Why It Matters in NHI Security

Prompt-to-disclosure paths matter because NHI incidents often emerge through overbroad machine access rather than direct human abuse. When an agent, API key, or service account can reach sensitive stores, a single prompt may trigger a chain that exposes credentials, personal data, or operational details with little forensic clarity. NHI Mgmt Group data shows that 79% of organisations have experienced secrets leaks, with 77% of these incidents resulting in tangible damage, which is exactly why disclosure paths deserve identity-level controls, not only content moderation.

Practitioners should align this term with least privilege, retrieval scoping, logging, and output filtering. The goal is to ensure that the agent can only disclose what it is explicitly authorized to see, and only in the contexts where disclosure is justified. This maps cleanly to the NIST view of controlled access and monitored system behavior, especially when prompts are routed into tools that operate with persistent credentials. Organisations typically encounter the consequences only after an assistant has already revealed restricted content in a ticket, chat transcript, or incident summary, at which point prompt-to-disclosure path analysis becomes operationally unavoidable to address.

Standards & Framework Alignment

This section maps relevant standards and security frameworks to the operational risks and controls described in this guidance.

OWASP Non-Human Identity Top 10 address the attack and risk surface, while NIST CSF 2.0 and NIST AI RMF set the governance and control requirements practitioners need to meet.
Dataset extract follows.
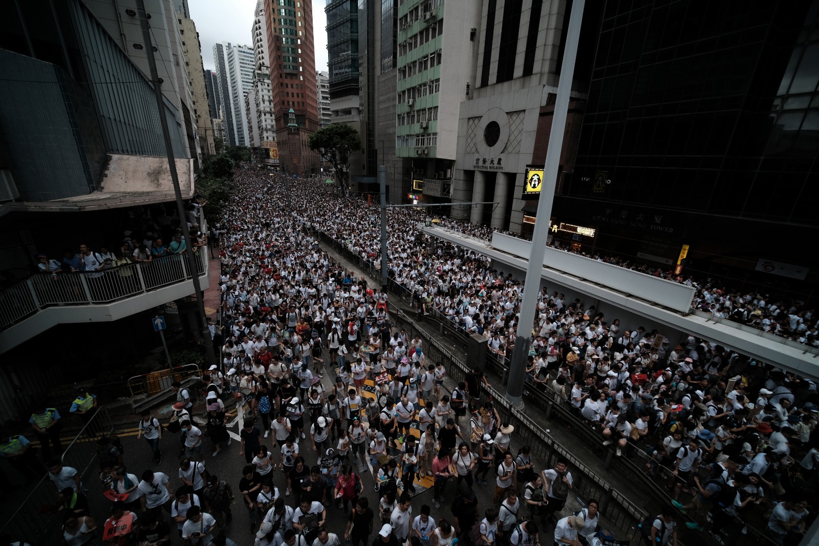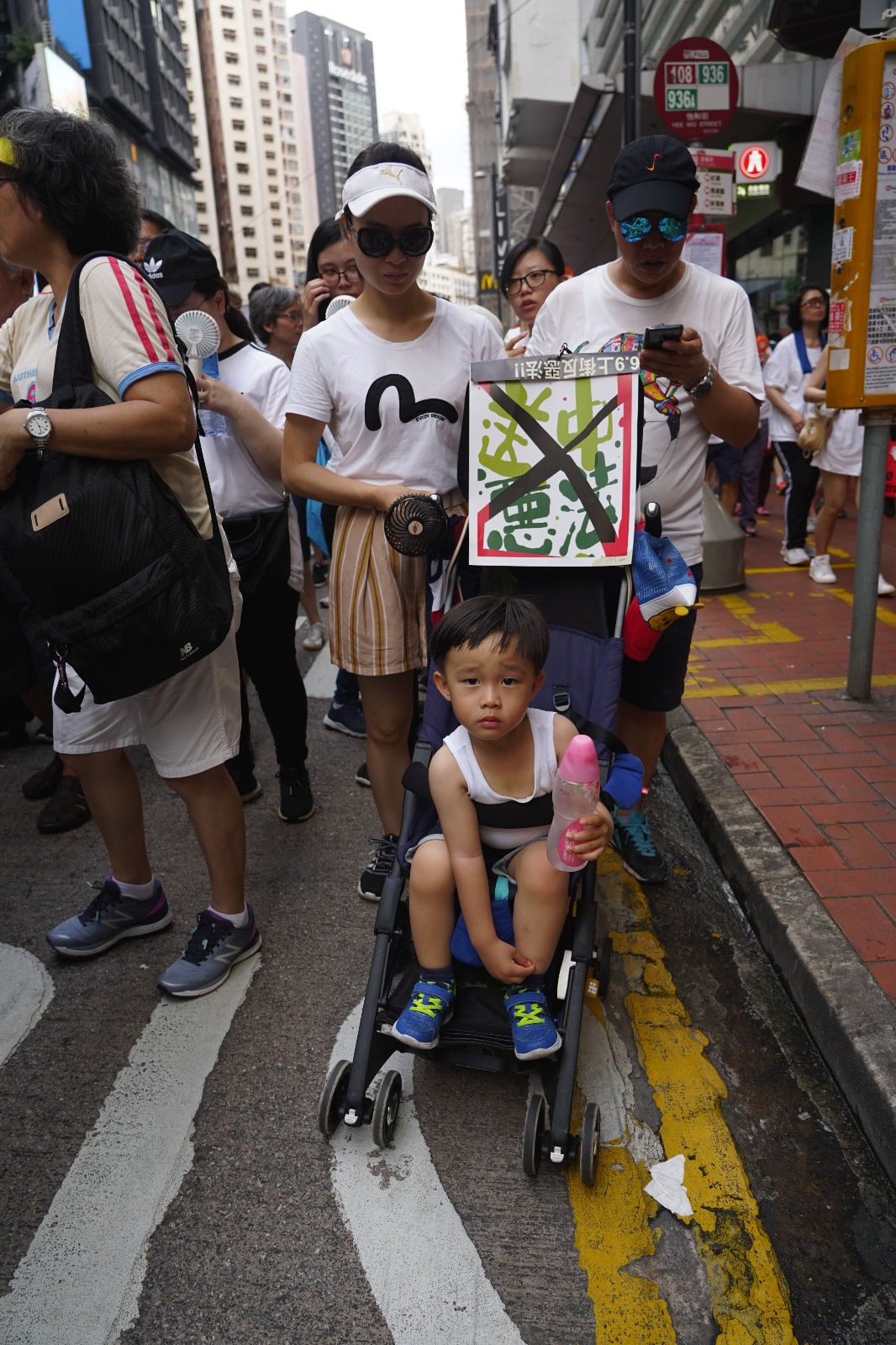 過了灣仔盧押道,可謂終點在望,轉眼就到遊行終點,但時至晚上八時,身旁八十後爸媽推著嬰兒車,經過一整日長徒拔涉,芭蕉扇已耗盡,加上金鐘樽頸位置收窄,人龍未及消化,媽媽心疼兒子太熱開始亂抓和大哭,最終她回頭說:「老公,你帶個仔回家抖抖,我可以堅持到最後」,說畢三人將嬰兒車推離馬路,消失在人海中。

Framework Control / Reference Relevance
OWASP Non-Human Identity Top 10 NHI-04 Prompt-triggered disclosure is a core NHI access-path and output-leakage risk.
NIST CSF 2.0 PR.AC-1 Access control and monitoring apply to prompt-driven retrieval and disclosure chains.
NIST AI RMF AI risk management addresses sensitive output, misuse, and data exposure across AI workflows.

Restrict agent tool scope and prevent prompts from exposing secrets or restricted data in outputs.